A 2005 proposal that would double the roof strength of new cars was rejected by the George W. Bush administration because the 135 lives potentially saved were judged insufficient for the $800 million cost, which worked out to $5.9 million each.

Economists, actuaries and moral philosophers have produced a Mount Greylock of treatises on how to value human existence. For many of us, though, the debate is irrelevant — especially if the life in question is our own.

We are never going to eliminate mortality, though we can keep it at bay through medical breakthroughs, public health improvements and, let’s not forget, basic arithmetic.

We can calculate, for instance, that seatbelt laws save an estimated 15,000 lives a year, motorcycle-helmet mandates another 2,000 and child-proof caps on pill bottles a few dozen, plus thousands of costly trips to the emergency room.

We also know what COVID vaccines cost the federal government at the height of the pandemic ($21 a dose), how many Americans got inoculated (160 million) and how many lives were saved (nearly 300,000).

The expansion of Medicaid under the Affordable Care Act cost the federal government about $70 billion in 2019 and resulted in 19,000 fewer deaths. From that, we could no doubt plot the additional savings in revenue (and cost in lives) for various proposals — floated during the recent debt-limit talks — to curb Medicaid access. Of course, we’d also have to factor in lost wages and tax payments.
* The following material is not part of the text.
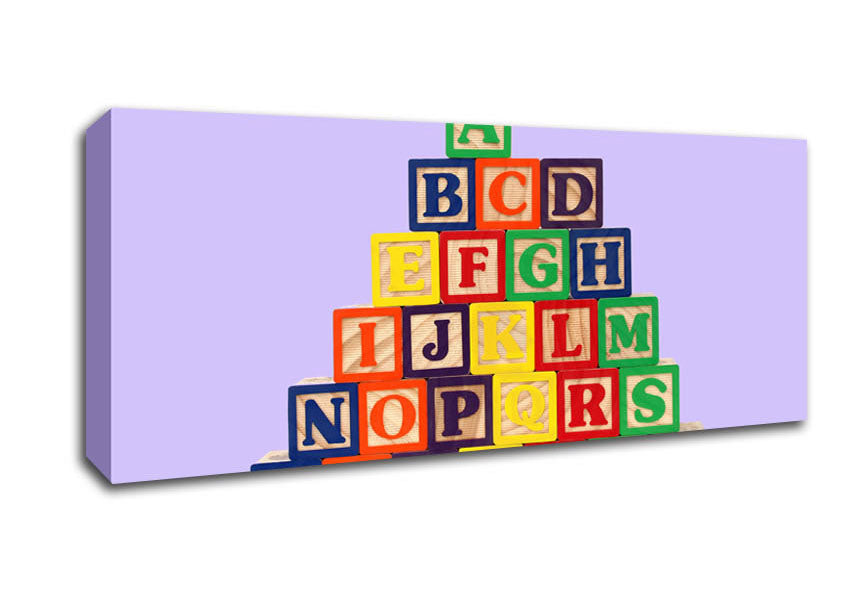 Alphabet Blocks Lilac Panoramic Canvas Print handmade in the UK. Stretched over a 2 inch thick wooden box frame, ready to hang on your wall.
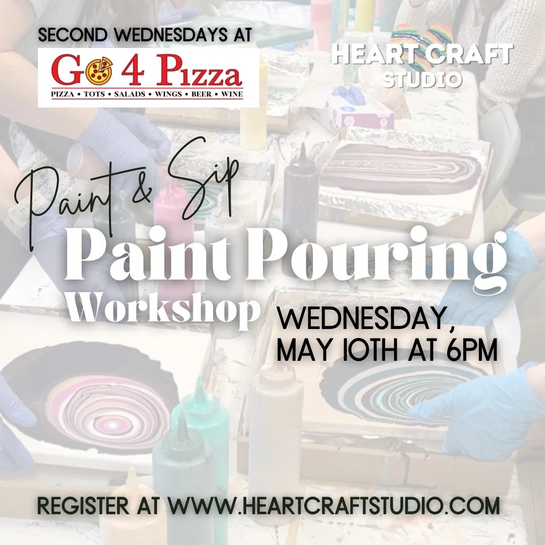 Take your fluid art to the next level at our Paint Pouring Workshop! I’m out next paint pouring class at Go 4 Pizza, you’ll have the option of creating a basic paint pour, or elevate your art with texture and make a geode paint pour!

So, if we want to keep that lid on the national debt, perhaps we should impose one on death as well. If the latter limit gets close to being breached, our servants in Congress and the White House would be required to do what’s needed to restore compliance. Fail to act, and they’d lose their subsidized health care.

Don’t laugh. The U.S. is the only developed country that has chosen not to have universal coverage — a distinction that has left us with sub-par outcomes in several medical categories, most notoriously infant mortality. We have also opted to endure the world’s highest medical costs.
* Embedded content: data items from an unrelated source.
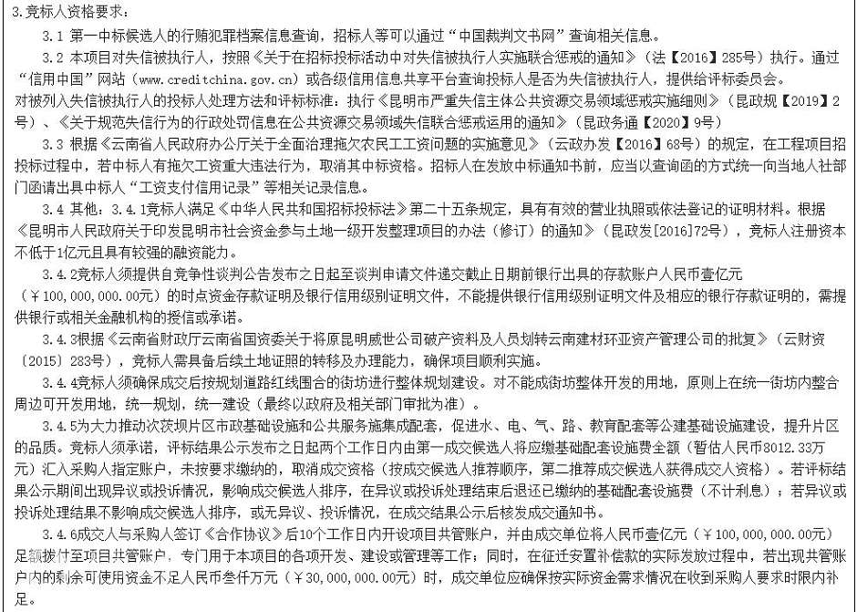 - 竞标人注册资本不低于1亿元且具有较强的融资能力。
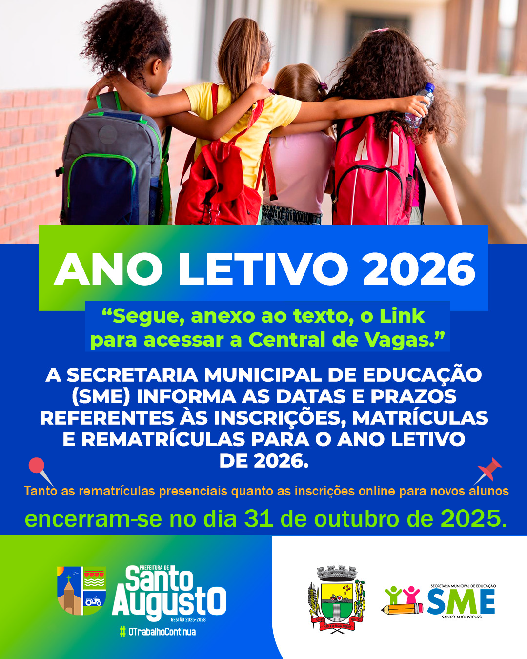 Nos últimos 4 itens você deve acessar a Central de Vagas para a inscrição, no seguinte link: https://santoaugusto.educarweb.net.br/serv…/matricula-2026
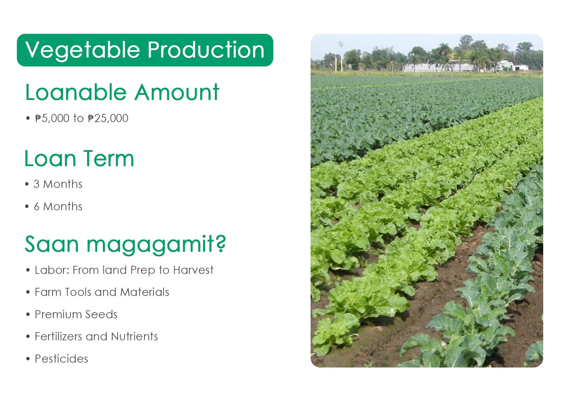 - Abot-kayang Interest Rate – Hindi pabigat sa pang-agrikulturang hanapbuhay.
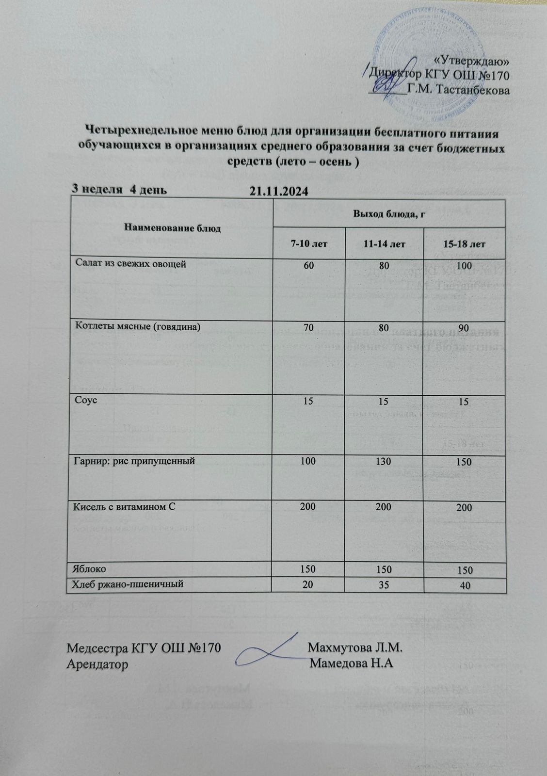 Жазға лагерь ас мәзірі/меню пришкольного лагеря на 29.05.2024ж.
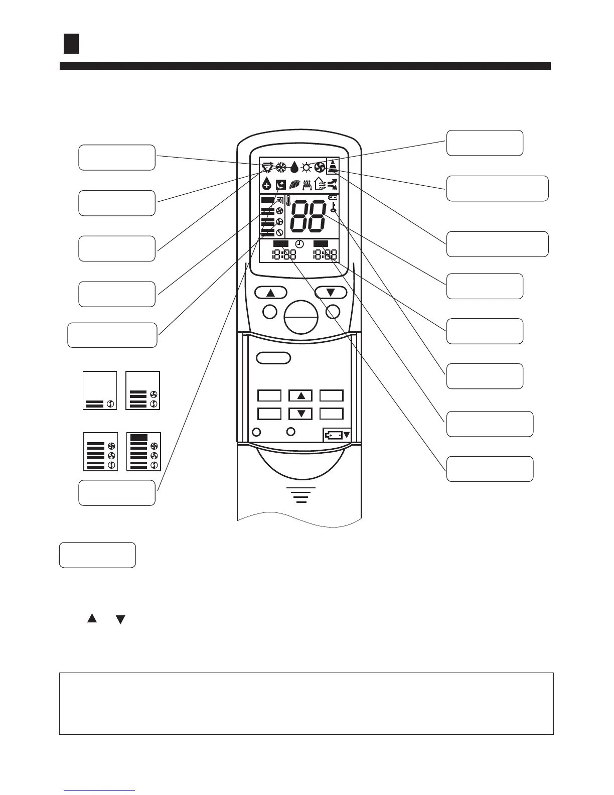 After replacing with new batteries, remote controller will conduct self-check, displaying
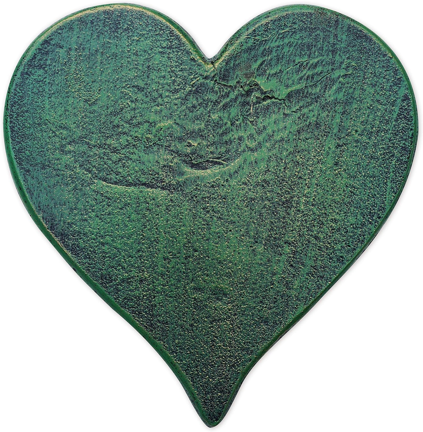 HAND CRAFTED STEPPING STONE: Heart-shaped stepping stone with a classic distressed verdigris finish for an aged outdoor look and feel

Meanwhile, we avoid adopting some rather simple legislative and regulatory fixes that could lower not just health care prices, but also our above-average casualties from car accidents and gunshots. Indeed, we’re the only major country that tolerates billion-dollar lobbying efforts to block such measures.

It’s silly to squabble over an arbitrary ceiling on debt the U.S. incurred years ago. Especially when we have it in our power to reduce the number of taxpayers who will die this year.

So, let’s take advantage of the current kerfuffle to set a new kind of limit, one that could save a few lives. It’s the fiscally responsible thing to do.

Donald Morrison is an Eagle columnist and co-chairman of the advisory board. The opinions expressed by columnists do not necessarily reflect the views of The Berkshire Eagle.